Plusieurs Belges participent actuellement à la célèbre Biennale d'art contemporain de Venise :

Axel Vervoordt
"Intuition" sera sa sixième et dernière exposition au Palazzo Fortuny. Avant d'ouvrir sa fondation au Kanaal près d'Anvers, l'antiquaire belge Axel Vervoordt montre une fois encore qu'il est un des meilleurs "assembleur" d'oeuvres d'art en faisant dialoguer dans la même pièce, près de l'atelier de Mariano Fortuny, l'immense toile faite de capsules métalliques "The Beginning and the End" du Ghanéen El Anatsui, la toile "Piazza d'Italia" de Giorgio De Chirico et la sculpture "Le Jour et la Nuit" d'Alexandre Calder.

2° Dirk Braeckman
Le photographe belge Dirk Braeckman expose ses clichés au pavillon belge où il défie les conventions :  des lieux vides où le temps semble s'être arrêté, des éléments d'intérieur interchangeables ou des personnages hors de toute émotion ou identité spécifique.

3° Jan Fabre
Dans le cadre de l'abbaye bénédictine de San Gregorio, Jan Fabre expose 40 oeuvres représentant ses 40 années de carrière artistique. Sa dernière oeuvre créée est un gigantesque scarabée en verre confectionné cette année dans les ateliers de Murano pour cette biennale.

Jan Fabre a répondu aux questions de la presse :
"Pourquoi avoir, dès vos débuts, choisi de travailler le verre et ensuite les ossements?
- Ce sont des matériaux très anciens qui me fascinent. J'ai un rapport très charnel avec le verre. C'est un matériau que l'on chauffe et qui change de forme, un peu comme l'utérus féminin. J'aime cette métaphore autour du verre qui peut être modulé comme bon vous semble, un peu comme les humains. Et puis, ce sont deux matériaux à la fois très solides mais aussi très fragiles. Les utiliser ensemble, çà m'a toujours beaucoup plu.

- C'est aussi une façon de célébrer les peintres flamands? La Flandre et son folklore sont d'ailleurs très présents dans votre travail?
- Oui, tout à fait. Van Eyck et tant d'autres utilisaient la poudre d'os pour peindre. Les crânes de verre associés aux squelettes de petits animaux ou d'oiseaux sont, par exemple, une référence à une guilde anversoise très ancienne.

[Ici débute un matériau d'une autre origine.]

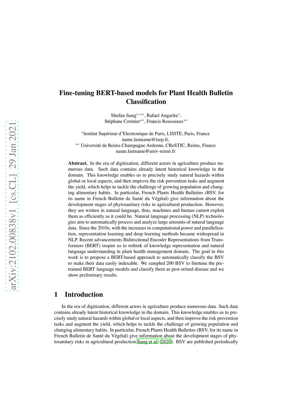 In the era of digitization, different actors in agriculture produce numerous data. Such data contains already latent historical knowledge in the domain. This knowledge enables us to precisely study natural hazards within global or local aspects, and then improve the risk prevention tasks and augment the yield, which helps to tackle the challenge of growing population and changing alimentary habits. In particular, French Plants Health Bulletins (BSV, for its name in French Bulletin de Sant{\é} du V{\é}g{\é}tal) give information about the development stages of phytosanitary risks in agricultural production. However, they are written in natural language, thus, machines and human cannot exploit them as efficiently as it could be. Natural language processing (NLP) technologies aim to automatically process and analyze large amounts of natural language data. Since the 2010s, with the increases in computational power and parallelization, representation learning and deep learning methods became widespread in NLP. Recent advancements Bidirectional Encoder Representations from Transformers (BERT) inspire us to rethink of knowledge representation and natural language understanding in plant health management domain. The goal in this work is to propose a BERT-based approach to automatically classify the BSV to make their data easily indexable. We sampled 200 BSV to finetune the pretrained BERT language models and classify them as pest or/and disease and we show preliminary results.

- Vous utilisez constamment le bleu dans vos oeuvres, ce fameux bleu issu des bics. Comment vous est venue cette idée?
- C'est parce que je n'avais pas d'argent! J'ai commencé à utiliser l'encre des bics que je volais un peu partout parce que çà ne coûtait pas cher et j'ai trouvé cette couleur tellement fascinante, changeante avec la lumière, que j'ai plus pu m'en passer. Et puis, le bleu est une couleur très importante dans l'histoire de l'art. Par exemple, les vêtements de la Vierge sont toujours peints en bleu. Ici à Venise, le bleu occupe aussi une place très importante ; c'est un bleu plus moderne. Et puis, il y a l'heure bleue, ce moment de silence absolu où la nuit s'achève et les animaux ne sont pas encore éveillés. C'est magique...

- Et il y a ce canoë fait d'os, une pièce monumentale exposée pour la première fois, qui date de 1991 et qui prend une tout autre profondeur aujourd'hui?
- En tant qu'artiste, c'est à la fois formidable et horrible de constater qu'une pièce qui se voulait une critique du colonialisme il y a 25 ans, prend une tout autre signification aujourd'hui. Placée dans cette salle le long du Grand Canal de Venise, cette oeuvre résonne avec l'actualité de ces réfugiés qui débarquent sur les côtes italiennes, notamment. C'est à la fois grisant et honteux en même temps".